This is part 2 of a discussion about replacing cursors with SQL statements for significant speed improvements.
In a recent post, I discussed cursors and mentioned, at a high level, an example of replacing a cursor with a set-based series of SQL statements. In this post, I’m going to provide a simplified version of the SQL for both the cursor and the replacement.

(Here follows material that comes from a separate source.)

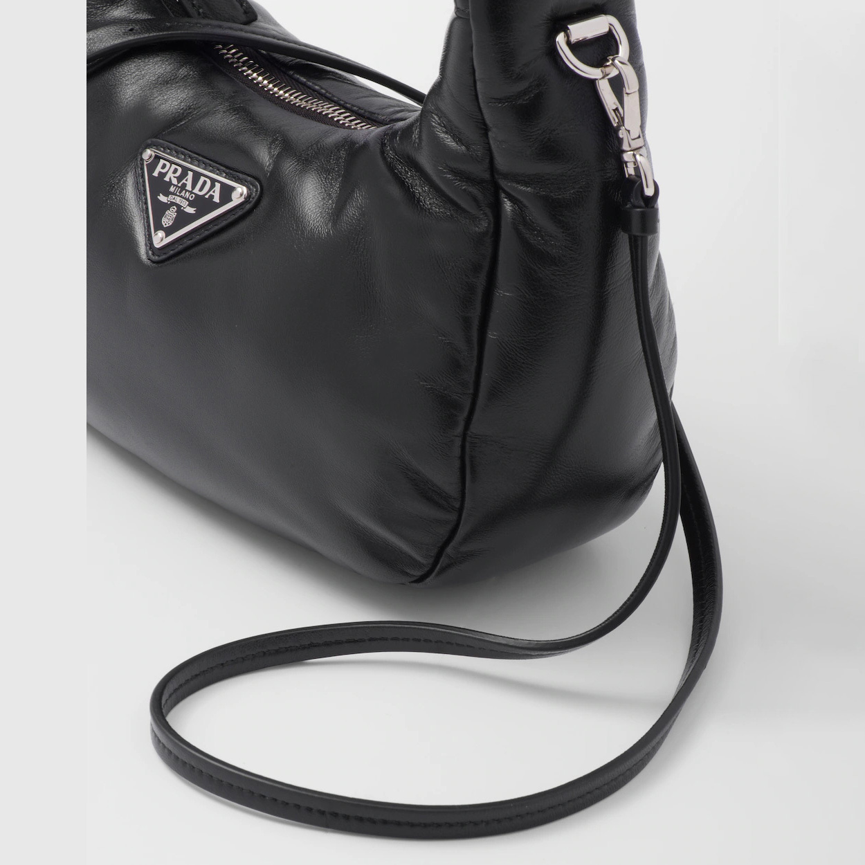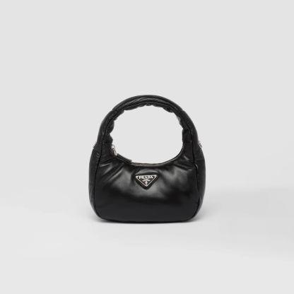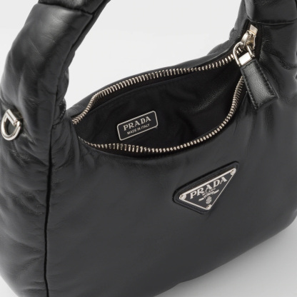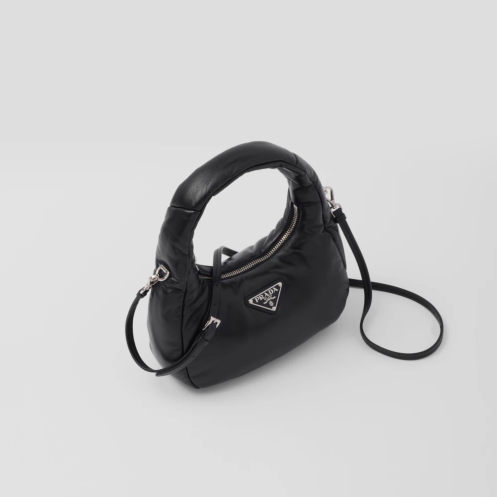 A harmonious, bold silhouette characterizes this mini-bag made of padded nappa leather accented with the detachable, adjustable shoulder strap. Defined by its versatile allure, the accessory has a zipper closure and is decorated with the emblematic enameled metal triangle logo.
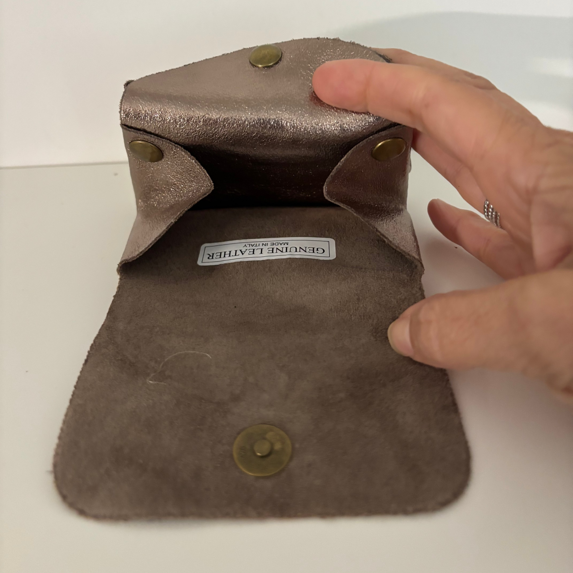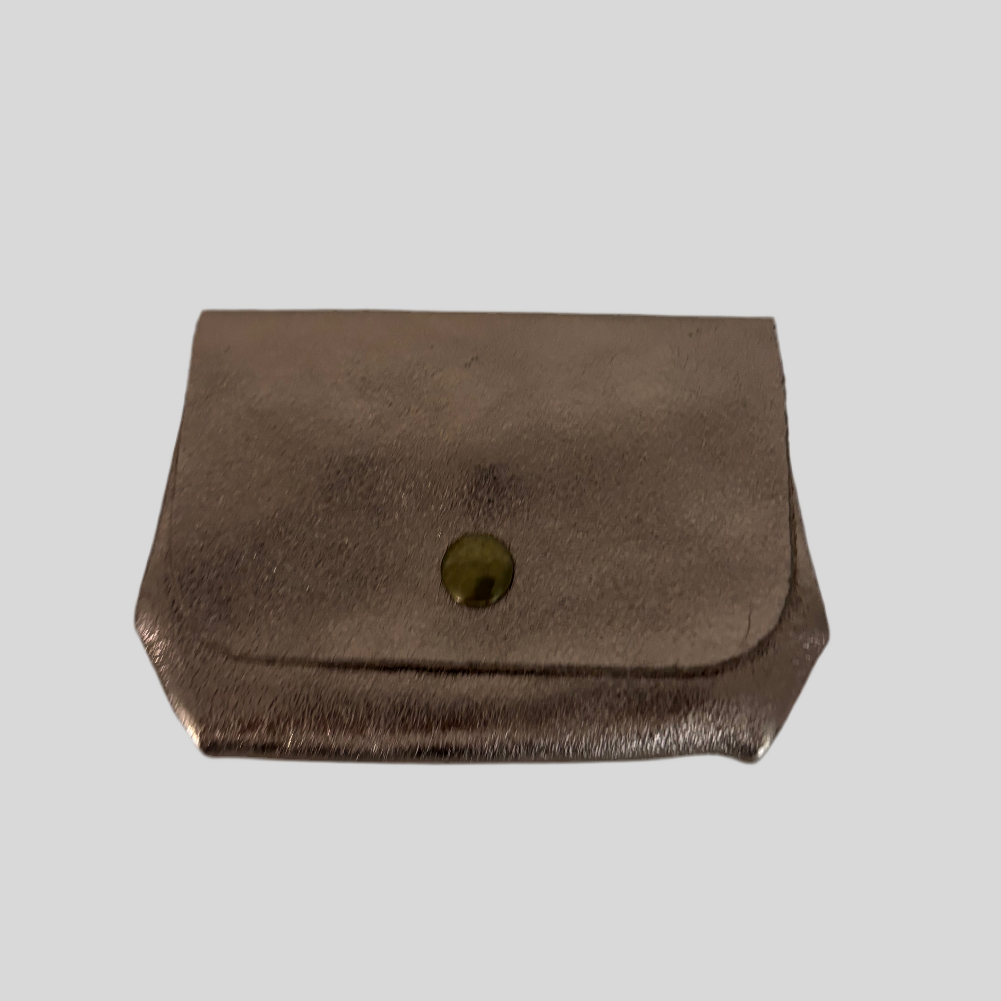 Kleine lederen portemonnee - glitter brons met gouden drukknop

I’ll also discuss how I did the SQL conversion and why the new version is so much faster.
The following SQL has been shortened and cleaned up slightly from the original version. Although the version as shown will not run stand-alone, it will illustrate how the cursor was transformed to the set-based version.

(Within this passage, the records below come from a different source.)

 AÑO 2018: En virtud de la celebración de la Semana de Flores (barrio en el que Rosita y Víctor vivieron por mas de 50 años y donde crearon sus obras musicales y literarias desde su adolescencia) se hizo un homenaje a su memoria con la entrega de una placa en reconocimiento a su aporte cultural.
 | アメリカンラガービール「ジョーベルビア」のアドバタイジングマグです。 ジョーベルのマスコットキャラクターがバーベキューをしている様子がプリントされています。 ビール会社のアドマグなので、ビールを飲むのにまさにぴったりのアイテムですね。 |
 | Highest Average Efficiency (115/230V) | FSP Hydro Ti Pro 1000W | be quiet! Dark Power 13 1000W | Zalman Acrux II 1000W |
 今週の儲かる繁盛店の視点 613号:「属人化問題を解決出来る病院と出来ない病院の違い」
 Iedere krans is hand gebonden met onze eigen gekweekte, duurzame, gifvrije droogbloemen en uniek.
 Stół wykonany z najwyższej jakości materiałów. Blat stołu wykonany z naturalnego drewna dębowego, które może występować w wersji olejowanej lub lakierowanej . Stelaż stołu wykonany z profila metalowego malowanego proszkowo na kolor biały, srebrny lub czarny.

Here is the original cursor which took about 20 minutes to run:
DECLARE CornerCursor CURSOR FAST_FORWARD FOR
SELECT
StudentNumber,
SchoolCode,
CurTransEligibility,
GradeLevel,
GeoCode,
HomeZone,
BilingualCode,
SpedCode
FROM
OPEN CornerCursor
FETCH NEXT FROM CornerCursor INTO
@StudentNumber,
@SchoolCode,
@CurTransEligibility,
@GradeLevel,
@GeoCode,
@HomeZone,
@BilingualCode,
@SpedCode
WHILE @@FETCH_STATUS = 0
BEGIN
IF EXISTS(SELECT Sch FROM TransWalkingDistance
WHERE SchCode = @SchoolCode
AND GeoCode = @GeoCode
AND GradeLevel = @GradeLevel)
BEGIN
UPDATE
EnrollmentRecord
SET
TransCode = '',
LastUpdateUserID= 'CScrpW'
WHERE
StudentNo = @StudentNo
AND SchCode = @SchoolCode
GOTO FetchNext
END
IF ((rtrim(@BilingualCode) = ''
OR RTRIM(isnull(@BilingualCode,'')) = 'S')
AND (@SpedCode = ''
OR SUBSTRING(@SpedCode, 1, 1) IN ('S', 'R')

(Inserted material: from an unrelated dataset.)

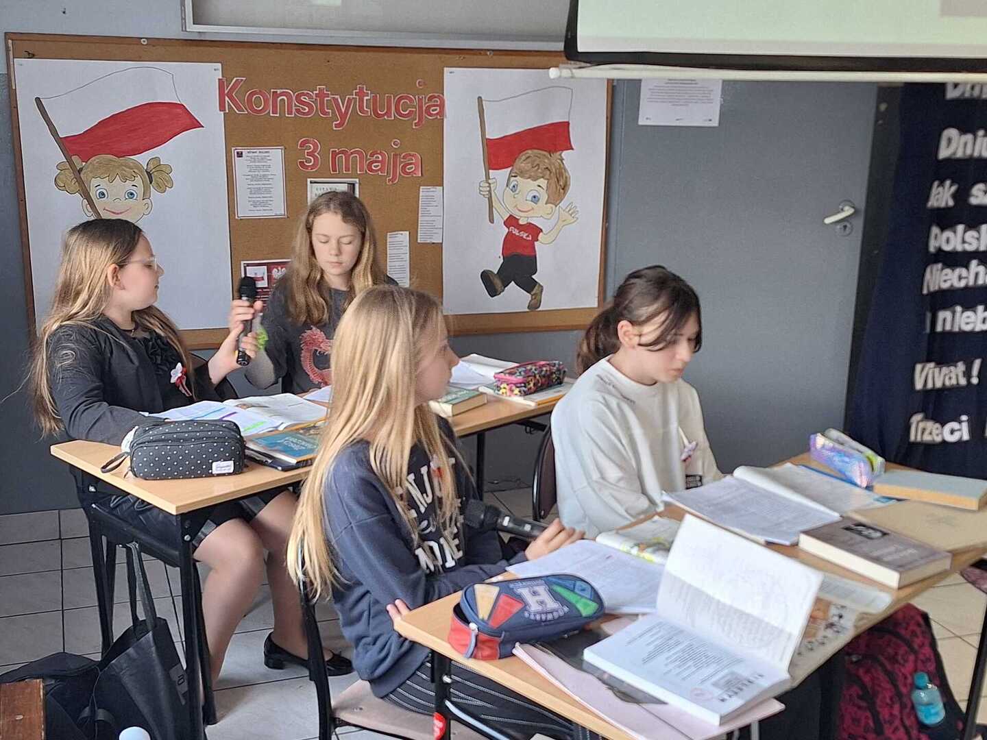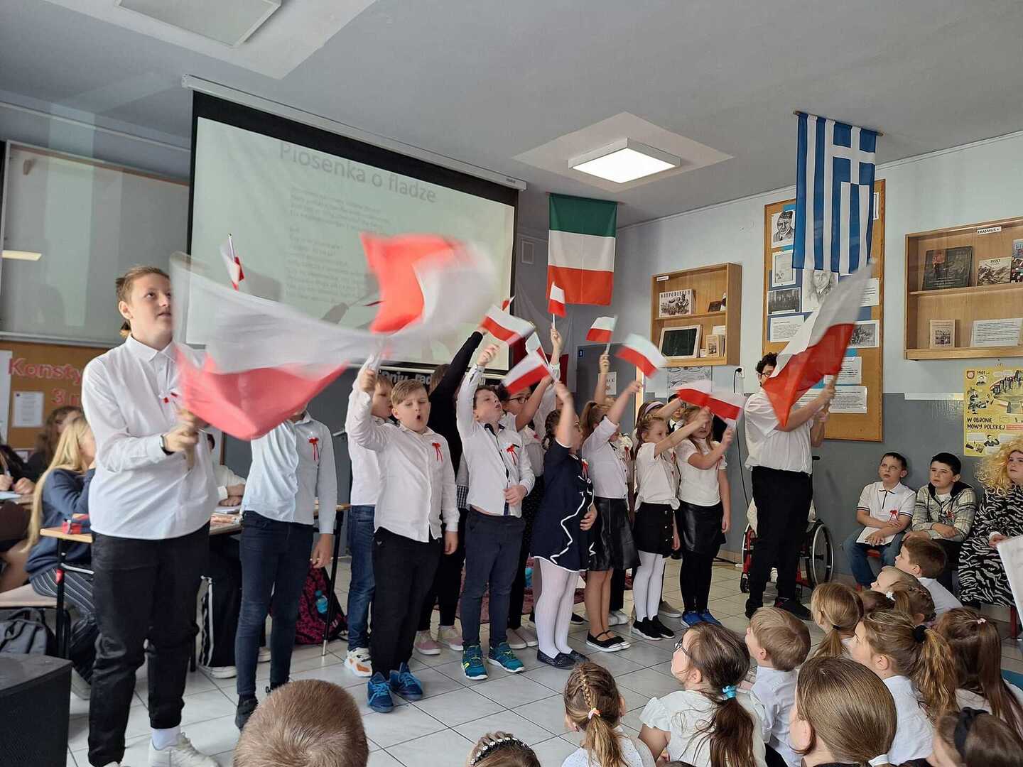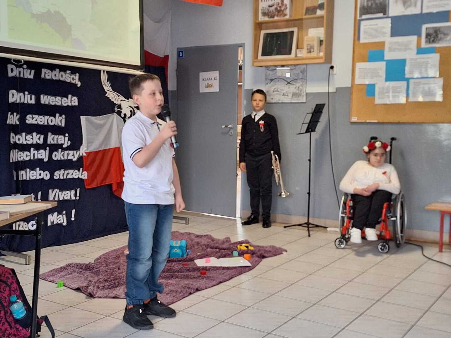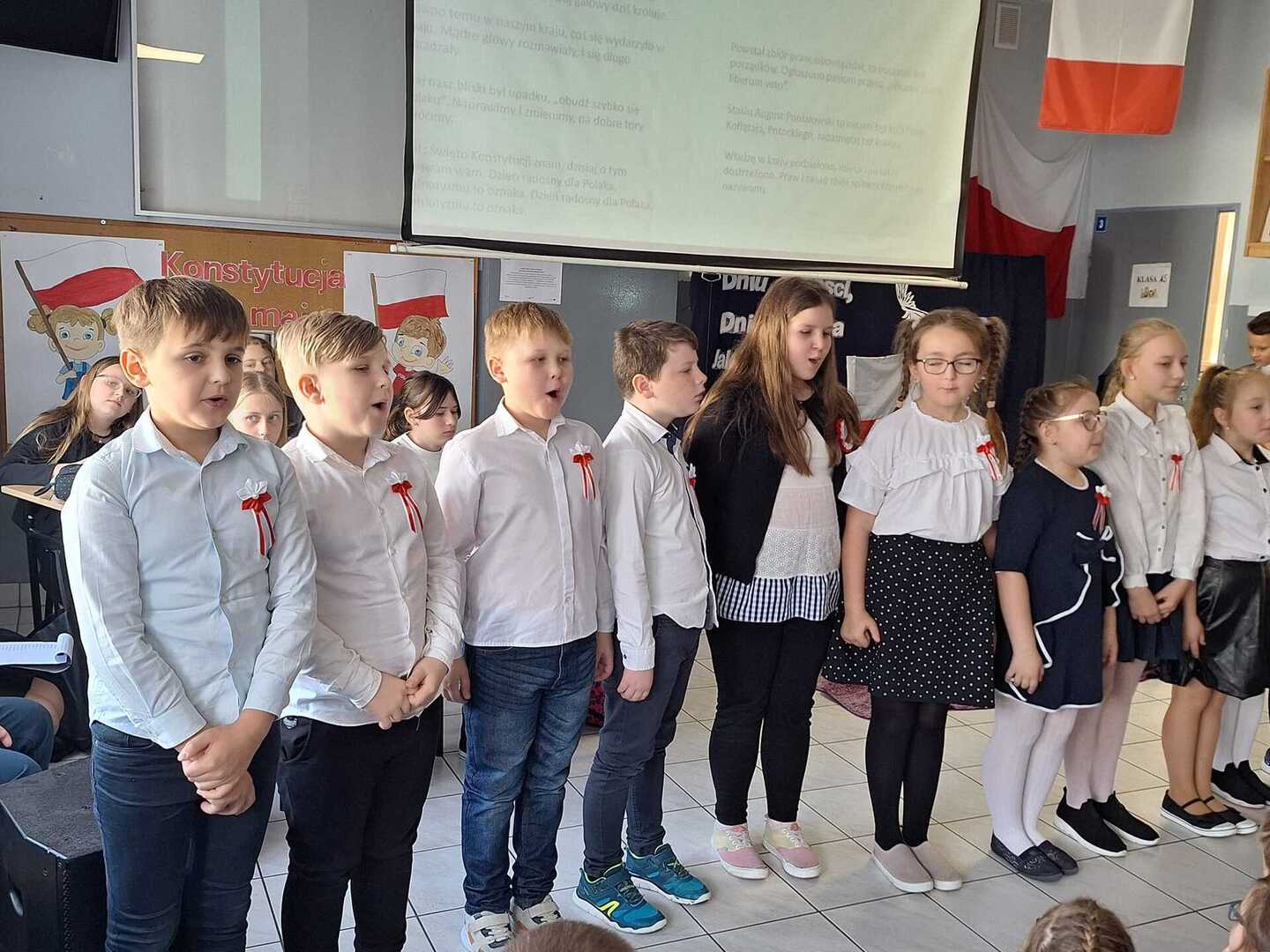 Nasza szkoła po raz kolejny świętowała obchody z okazji uchwalenia Konstytucji 3 maja. Uroczystość uświetnili uczniowie z klasy V, którzy podarowali słuchającym garść faktów historycznych. Klasa II zaopatrzyła apel w piosenki tematyczne.

OR @SpedCode IN ('V1', 'V2', 'P1', 'P2')))
BEGIN
IF @GradeLevel <> 'H'
AND NOT EXISTS
(SELECT School FROM BufferZoneLookup
WHERE School = @School
AND GradeLevel = @GradeLevel
AND (GeoCode = @GeoCode
OR HomeZone IN (@HomeZone, 'C','H')))
BEGIN
END
GOTO FetchNext
END
FetchNext:
FETCH NEXT FROM CornerCursor INTO
@StudentNumber,
@SchoolCode,
@CurTransEligibility,
@GradeLevel,
@GeoCode,
@HomeZone,
@BilingualCode,
@SpedCode
END
END
CLOSE CornerCursor
DEALLOCATE CornerCursor
Notice with the above SQL that there are a sequence of update
statements surrounded by if
/else
conditions. The updates also run in a way where if one update runs, none of the following ones can run. I used these clues to help me design the set-based version. I decided to do things in the following order:
- Encapsulate the
if
/else
conditions referred to in the cursor into a temporary table with multiple bit columns. For these, more than one of the conditions [bits] can be set. - Use the
temp
table with the bit field settings to determine what the transportation eligibility code should be. The update
statements simply modify the transportation code and last update user, so that’s what I set when populating the second temporary table. In the logic, the order of the case
statement matches the order of the updates in the cursor. - Use the transportation codes set in #2 to actually do the updates.
Here’s the resulting SQL:
SELECT
studentdata.StudentNumber,
studentdata.SchoolCode,
studentdata.TransCode,
studentdata.GradeLevel,
studentdata.BilingualCode,
studentdata.SpedCode,
studentdata.GeoCode,
studentdata.HomeZone,
(CASE WHEN studentdata.sch IN('4261','1010','1020','1340')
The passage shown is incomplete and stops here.